Please set down each record exactly as it appears, but leave out any pictures.

§ **Entries taken from a collection**
==========

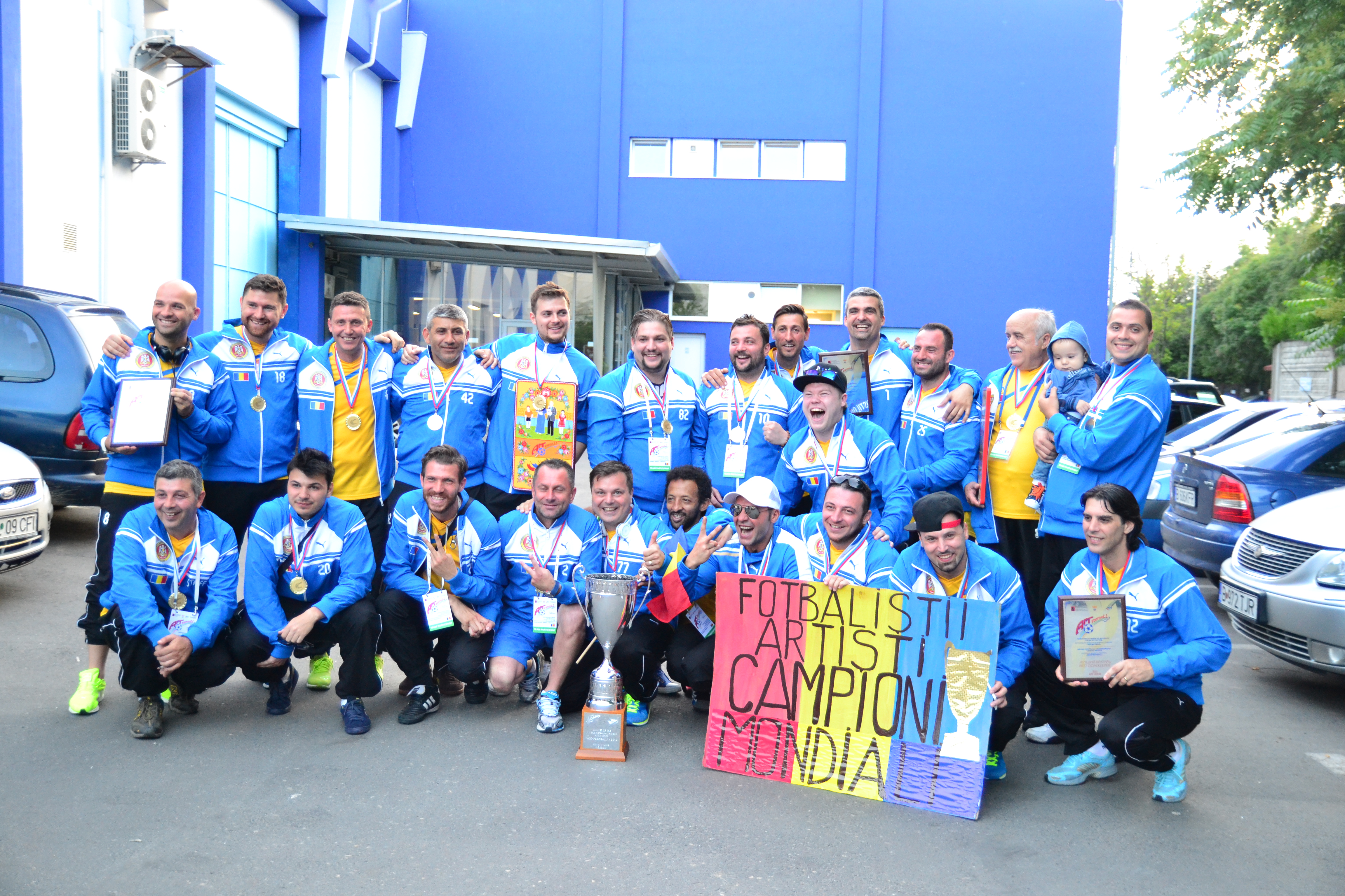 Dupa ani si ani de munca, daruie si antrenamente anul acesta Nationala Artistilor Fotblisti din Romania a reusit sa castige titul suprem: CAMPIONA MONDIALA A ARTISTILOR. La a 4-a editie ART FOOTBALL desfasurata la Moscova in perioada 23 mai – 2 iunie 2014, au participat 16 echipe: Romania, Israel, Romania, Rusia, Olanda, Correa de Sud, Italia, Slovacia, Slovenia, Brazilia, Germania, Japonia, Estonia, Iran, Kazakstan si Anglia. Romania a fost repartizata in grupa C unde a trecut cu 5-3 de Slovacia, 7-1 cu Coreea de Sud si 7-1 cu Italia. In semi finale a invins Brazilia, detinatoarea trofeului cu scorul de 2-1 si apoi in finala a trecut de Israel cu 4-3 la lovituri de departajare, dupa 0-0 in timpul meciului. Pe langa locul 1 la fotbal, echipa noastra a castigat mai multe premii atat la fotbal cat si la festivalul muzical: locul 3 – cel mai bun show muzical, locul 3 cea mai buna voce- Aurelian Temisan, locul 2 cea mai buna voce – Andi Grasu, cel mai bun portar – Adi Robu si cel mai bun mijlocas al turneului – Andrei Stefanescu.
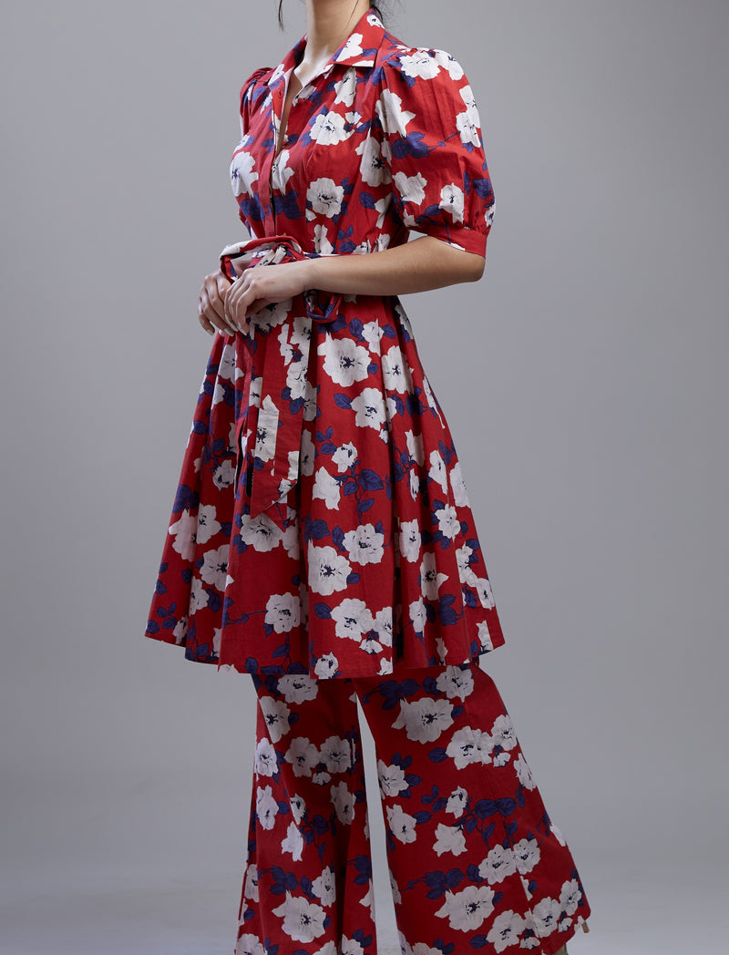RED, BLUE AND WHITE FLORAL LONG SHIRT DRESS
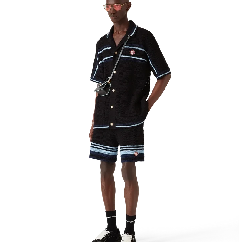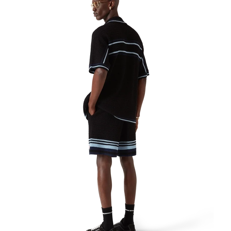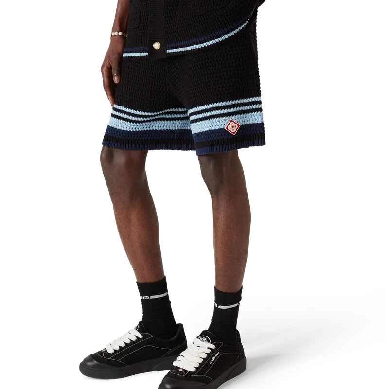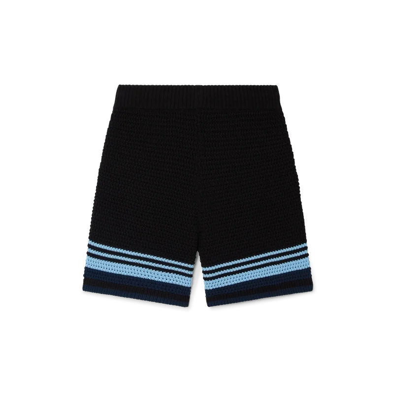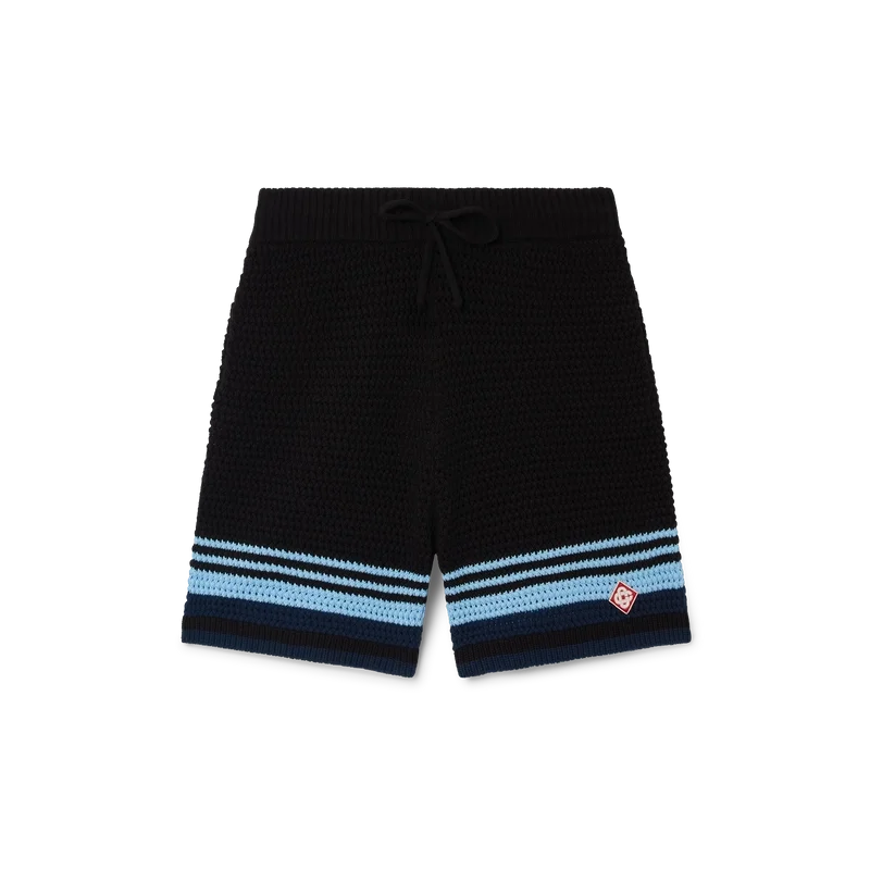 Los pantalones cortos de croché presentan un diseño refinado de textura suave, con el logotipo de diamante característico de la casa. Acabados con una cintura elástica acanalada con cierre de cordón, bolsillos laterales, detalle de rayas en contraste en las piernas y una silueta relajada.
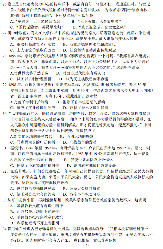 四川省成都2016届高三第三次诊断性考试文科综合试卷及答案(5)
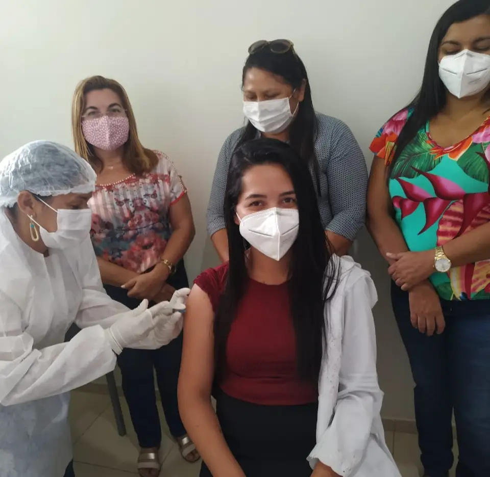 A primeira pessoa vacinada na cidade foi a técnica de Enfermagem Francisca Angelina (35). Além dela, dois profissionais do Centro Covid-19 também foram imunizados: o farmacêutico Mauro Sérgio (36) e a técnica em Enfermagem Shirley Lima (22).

==========

§ **COMPLETED TASK**
 Dupa ani si ani de munca, daruie si antrenamente anul acesta Nationala Artistilor Fotblisti din Romania a reusit sa castige titul suprem: CAMPIONA MONDIALA A ARTISTILOR. La a 4-a editie ART FOOTBALL desfasurata la Moscova in perioada 23 mai – 2 iunie 2014, au participat 16 echipe: Romania, Israel, Romania, Rusia, Olanda, Correa de Sud, Italia, Slovacia, Slovenia, Brazilia, Germania, Japonia, Estonia, Iran, Kazakstan si Anglia. Romania a fost repartizata in grupa C unde a trecut cu 5-3 de Slovacia, 7-1 cu Coreea de Sud si 7-1 cu Italia. In semi finale a invins Brazilia, detinatoarea trofeului cu scorul de 2-1 si apoi in finala a trecut de Israel cu 4-3 la lovituri de departajare, dupa 0-0 in timpul meciului. Pe langa locul 1 la fotbal, echipa noastra a castigat mai multe premii atat la fotbal cat si la festivalul muzical: locul 3 – cel mai bun show muzical, locul 3 cea mai buna voce- Aurelian Temisan, locul 2 cea mai buna voce – Andi Grasu, cel mai bun portar – Adi Robu si cel mai bun mijlocas al turneului – Andrei Stefanescu.
RED, BLUE AND WHITE FLORAL LONG SHIRT DRESS
 Los pantalones cortos de croché presentan un diseño refinado de textura suave, con el logotipo de diamante característico de la casa. Acabados con una cintura elástica acanalada con cierre de cordón, bolsillos laterales, detalle de rayas en contraste en las piernas y una silueta relajada.
 四川省成都2016届高三第三次诊断性考试文科综合试卷及答案(5)
 A primeira pessoa vacinada na cidade foi a técnica de Enfermagem Francisca Angelina (35). Além dela, dois profissionais do Centro Covid-19 também foram imunizados: o farmacêutico Mauro Sérgio (36) e a técnica em Enfermagem Shirley Lima (22).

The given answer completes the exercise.